Sunday, July 30, 2017

MinHashing and Locality Sensitive Hashing: a brief theory, an simple example and comments on several open-source implementations.


Locality sensitive search is often used in searching for similar objects in a large dataset. An example is to implement the K nearest neighbors (KNN) algorithm for big data.

For a small dataset, it is feasible to compute pairwise similarities or distances for all data instances, but for a large dataset, it is impossible. For example, given a dataset of N instances, if we compute the pairwise similarities, there will be N^2 values. The output similarity matrix is symmetric, even we only take the upper or the lower part of this matrix, there are N^(N-1)/2 values. When N is small, this computation is doable. However, if there are 1 million data instances, it will take 16 years to get all similarities, see here for detailed computation.

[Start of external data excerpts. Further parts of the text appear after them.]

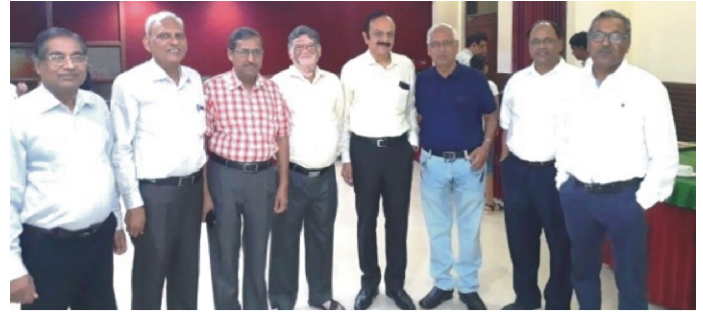
Members of Ghaziabad Local Chapter at Get-to-gather

The members of Ghaziabad local chapter along with their spouses had a get-to-gather in the evening of August 11, 2018 at Kavi Nagar. Around 40 members with their spouses were present.
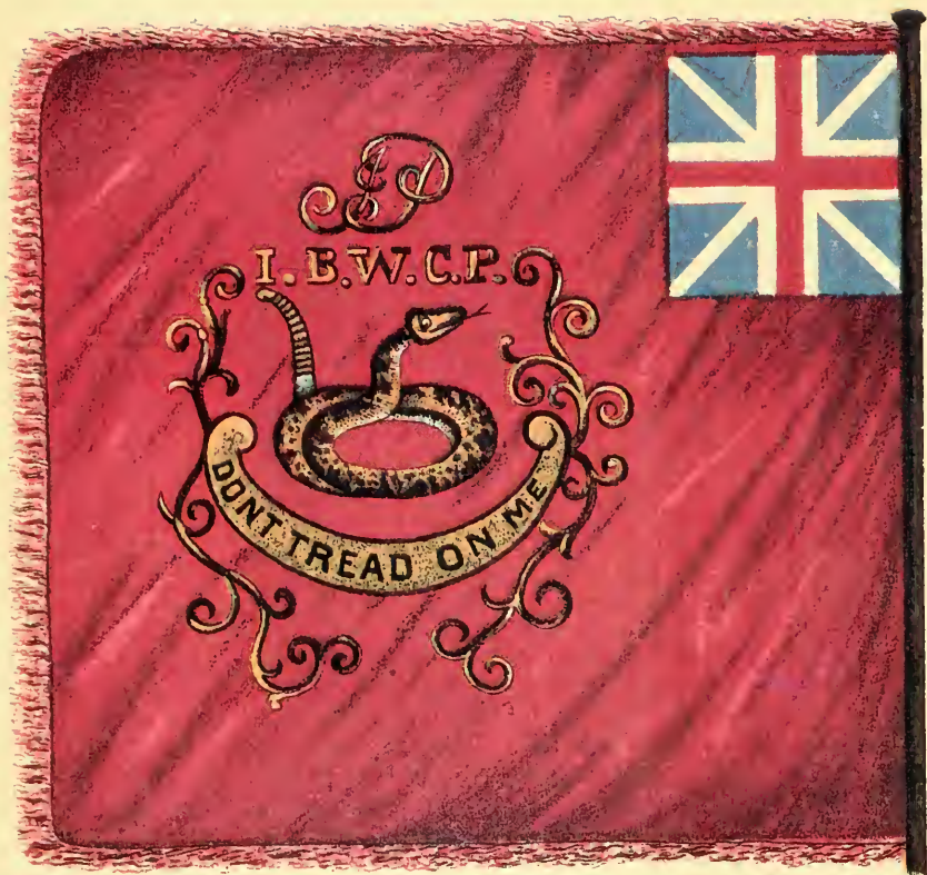
FLAG OF PROCTOR'S WESTMORELAND COUNTY BATTALION.
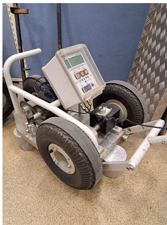
The measurement equipment, PFT2004.

The conditions during the measurements on site were that it was moist on the road and on the Actibump but not raining.
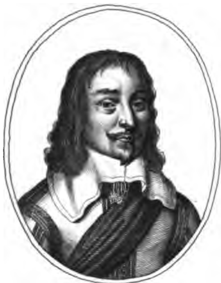
Henry Gray Earle of Stamford, Lord Gray of Groby, Bonvile and Harington etc.
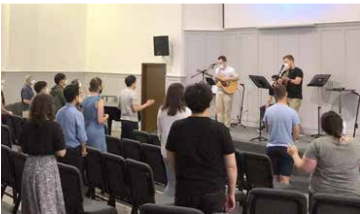
Freedom Village Church, Seoul
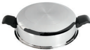
High Dome Cover - 6.3 Qt. Dutch Oven / Skillet #996
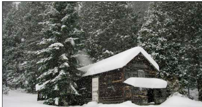
A cabin sits on the site of Alvin Grover's Hot Springs Hotel, which burned down in 1919. The structure was later used as a summer cabin for a ranch family and is now used as occasional living quarters for park personnel.
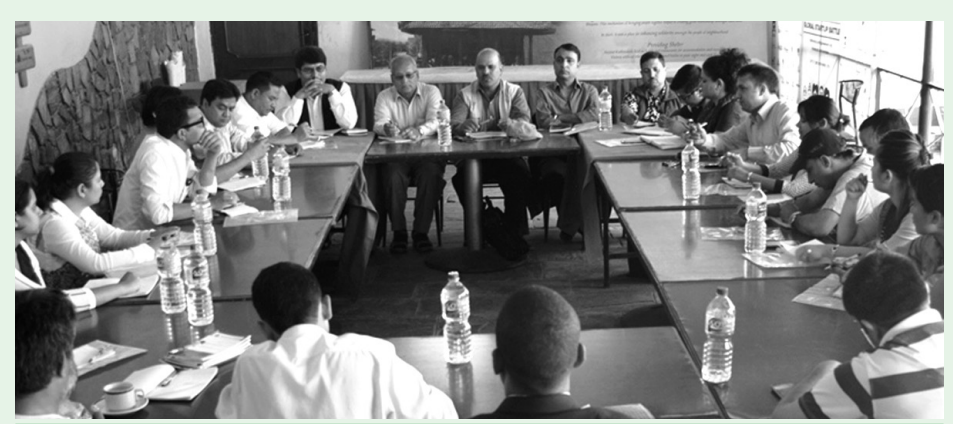
Stakeholders discussing RTI and management of crisis information

Nepal witnessed a huge loss of lives and destruction of properties in the recent earthquakes – the major one striking the

In fact, in most cases, we only care about data instances that are close to each other, thus large similarities or small distances are in our interest. As to those data instances who are far form each other, we usually don't need to waste time on them. So before we come to thoroughly compute the expensive pairwise similarities, it would be great if we could use some method to get an idea on which group of data instances might be similar to each other. Then we merely compute pairwise similarities of these data instances found in this group. In this case, we will save much time in looking for the similar objects. The method which is capable to smartly, rapidly but approximately find some groups of similar data instances, is the Locality Sensitive Hashing (LSH).

  • A brief theory: 

A detailed introduction of LSH can be found here. In brief,  the input data is firstly converted into signatures, which can represent the data. Then LSH assigns similar data instances into different "bucket" via their signatures. Depending on the similarity metric adopted to compute similarities, either the Jaccard similarity, the cosine similarity, or others, the way of generating dataset's signatures vary. This paper details more on this subject.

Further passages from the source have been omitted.